2nd Governor of Arizona Territory (Confederate)
- In exile
- In office March 17, 1862 – May 26, 1865
- Preceded by: Lieut. Col. John R. Baylor
- Succeeded by: Office abolished

Personal details
- Born: Lewis Sumpter Owings September 6, 1820 Roane County, Tennessee, U.S.
- Died: August 20, 1875 (aged 54) Denison, Texas, U.S.
- Resting place: Oakwood Cemetery, Denison, Texas, U.S. 33°45′40.8″N 96°31′44.8″W﻿ / ﻿33.761333°N 96.529111°W
- Party: Democratic
- Spouse: Helen M. Swisher ​(m. 1852)​
- Occupation: Politician, businessman
- Profession: Physician

= Lewis S. Owings =

American politician (1820–1875)

Dr.

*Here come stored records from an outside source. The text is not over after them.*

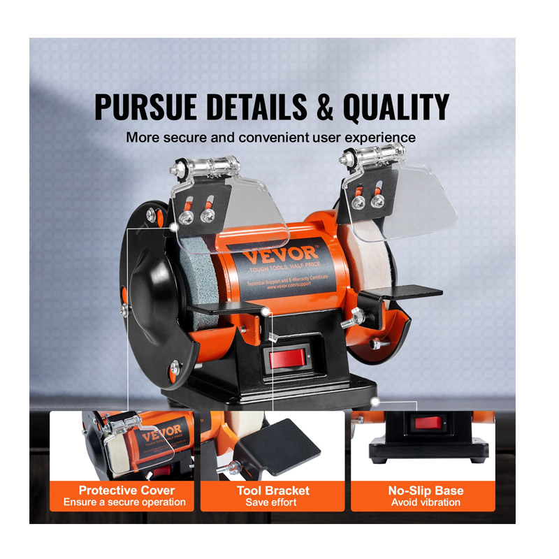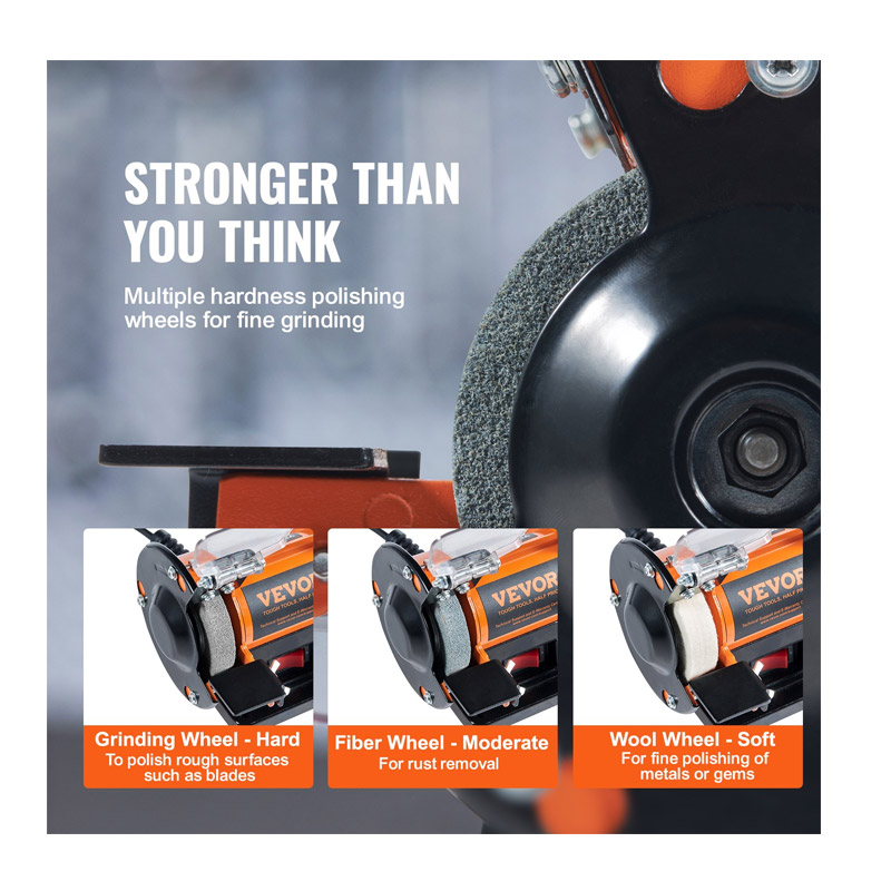 Ο δίδυμος τροχός - λειαντήρας πάγκου, από την εταιρία VEVOR, έχει σχεδιαστεί με κινητήρα χωρίς ψήκτρες με ταχύτητα 3590 rpm. Μπορείτε να εστιάσετε περισσότερο στην εργασία σας με την καλή αντοχή και τον χαμηλό θόρυβο. Επιπλέον, δεν υπάρχει ανάγκη αντικατάστασης της βούρτσας άνθρακα (ουσιαστικά χωρίς συντήρηση). Συνοδεύεται από έναν μαλακό μάλλινο τροχό, έναν τροχό μέτριας ίνας και έναν σκληρό τροχό λείανσης. Οι τρεις τροχοί σκληρότητας σας βοηθούν να γυαλίσετε μια ευρεία γκάμα πολύτιμων λίθων και μετάλλων (είτε τραχιές επιφάνειες γυαλίσματος, λεπτό γυάλισμα ή αφαίρεση σκουριάς).
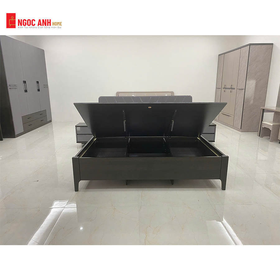 Khung Giường Chắc Chắn: Thiết kế khung giường thấp, vuông vắn, vững chãi, đảm bảo an toàn và phù hợp với phong cách hiện đại.
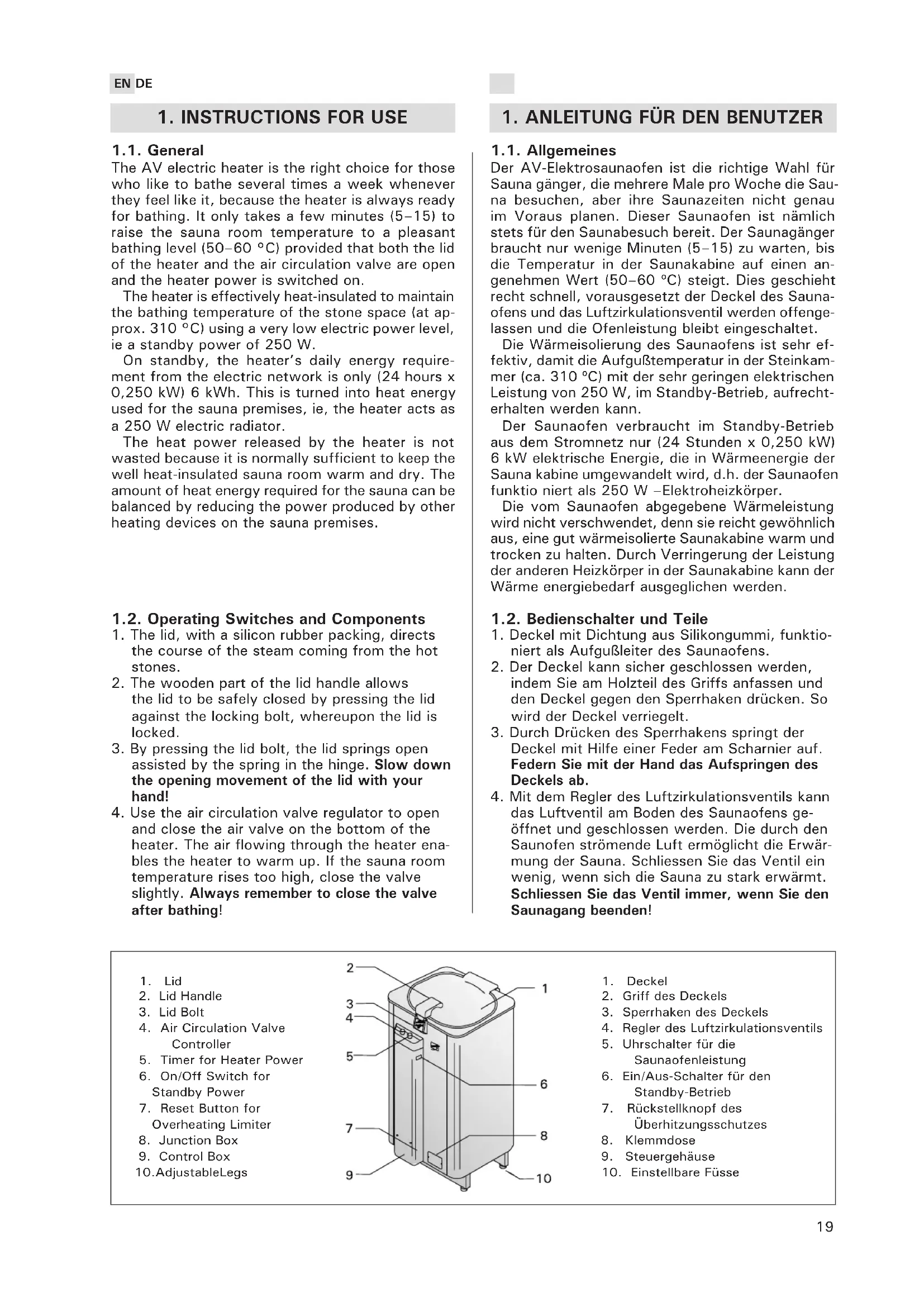 1.1. Allgemeines Der AV-Elektrosaunaofen ist die richtige Wahl für Sauna gänger, die mehrere Male pro Woche die Sau- na besuchen, aber ihre Saunazeiten nicht genau im Voraus planen. Dieser Saunaofen ist nämlich stets für den Saunabesuch bereit. Der Saunagänger braucht nur wenige Minuten (5–15) zu warten, bis die Temperatur in der Saunakabine auf einen an- genehmen Wert (50–60 ºC) steigt. Dies geschieht recht schnell, vorausgesetzt der Deckel des Sauna- ofens und das Luftzirkulationsventil werden offenge- lassen und die Ofenleistung bleibt eingeschaltet. Die Wärmeisolierung des Saunaofens ist sehr ef- fektiv, damit die Aufgußtemperatur in der Steinkam- mer (ca. 310 ºC) mit der sehr geringen elektrischen Leistung von 250 W, im Standby-Betrieb, aufrecht- erhalten werden kann. Der Saunaofen verbraucht im Standby-Betrieb aus dem Stromnetz nur (24 Stunden x 0,250 kW) 6 kW elektrische Energie, die in Wärmeenergie der Sauna kabine umgewandelt wird, d.h. der Saunaofen funktio niert als 250 W –Elektroheizkörper. Die vom Saunaofen abgegebene Wärmeleistung wird nicht verschwendet, denn sie reicht gewöhnlich aus, eine gut wärmeisolierte Saunakabine warm und trocken zu halten. Durch Verringerung der Leistung der anderen Heizkörper in der Saunakabine kann der Wärme energiebedarf ausgeglichen werden. 1.2. Bedienschalter und Teile
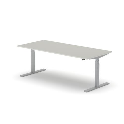 panneau en aggloméré avec revêtement mélaminé, facile d’entretien finition MB White Grey. forme de panneau rectangulaire. piètement en T en RAL9006 aluminium blanc. réglage en hauteur via moteur électrique avec transmission manuelle. avec fiche Euro.
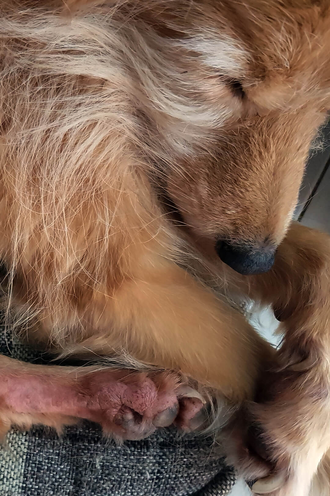 Take a look at your dog’s feet — are they reddish and discolored? Do they constantly chew on them?
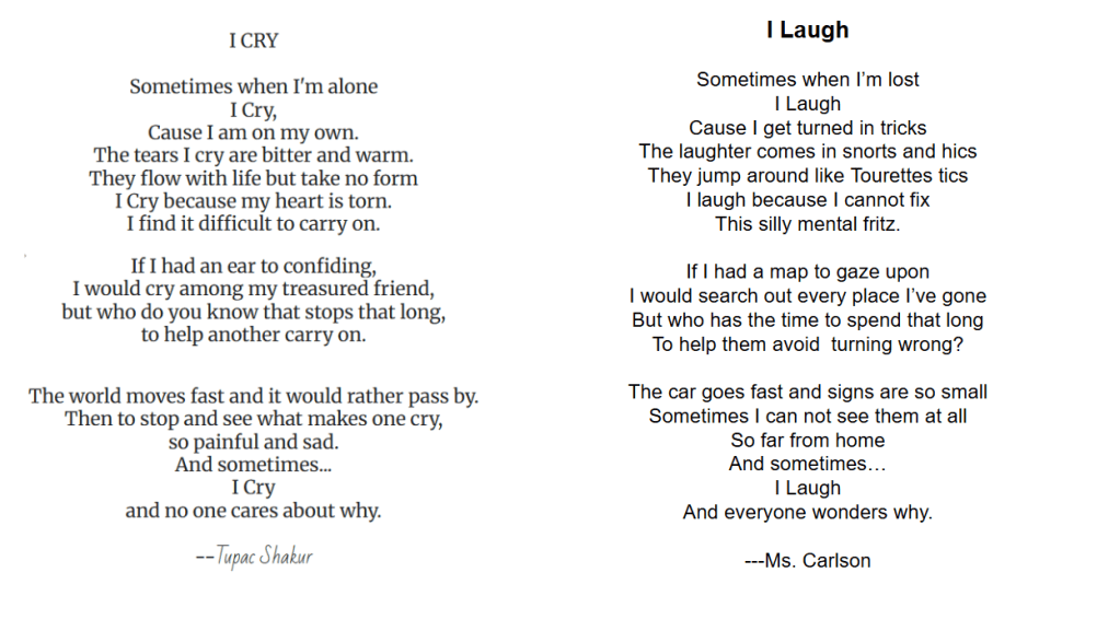 This week, I’m having my 8th graders use one of Tupac’s poems as a framework to write their own poems. I chose I CRY because it’s darn good…and clean! I can’t wait to see what they come up with. I am confident a few of them will use some bodily functions and a skibiddy toilet will most definitely be mentioned in at least one, but hopefully they will have fun with it. Just for fun, I’m including the original and MY take on it. If you know me you will laugh. If you don’t, you’ll be glad you don’t need me to drive you anywhere.

Lewis S. Owings (September 6, 1820 - August 20, 1875) was an American politician, medical doctor, and businessman from Tennessee who served as the 2nd Governor of Arizona Territory (Confederate), in exile, from 1862 to 1865. He had previously served as provisional governor of Arizona Territory from 1860 to 1861.

== Early life ==
Born in Roane County, Tennessee, Owings went to Yell County, Arkansas and then to Texas, where he helped found the town of Helena, serving as the first postmaster. In 1855, he served in the Texas House of Representatives but was defeated for reelection moving to Mesilla, New Mexico, where he had a mine.

== Political career ==
In 1860 Owings was chosen as Provisional Governor of "Arizona Territory"—a region including New Mexico and Arizona—in an organization convention at Tucson. The Convention subsequently petitioned the United States Congress for recognition of their government, but the impending conflicts of the American Civil War in the east distracted Washington's attention away from what was then a remote frontier outpost. Owings nevertheless proceeded to carry out the official functions of a de facto governor in the largely unorganized territory and established three militia companies to protect residents from native raids and border smugglers.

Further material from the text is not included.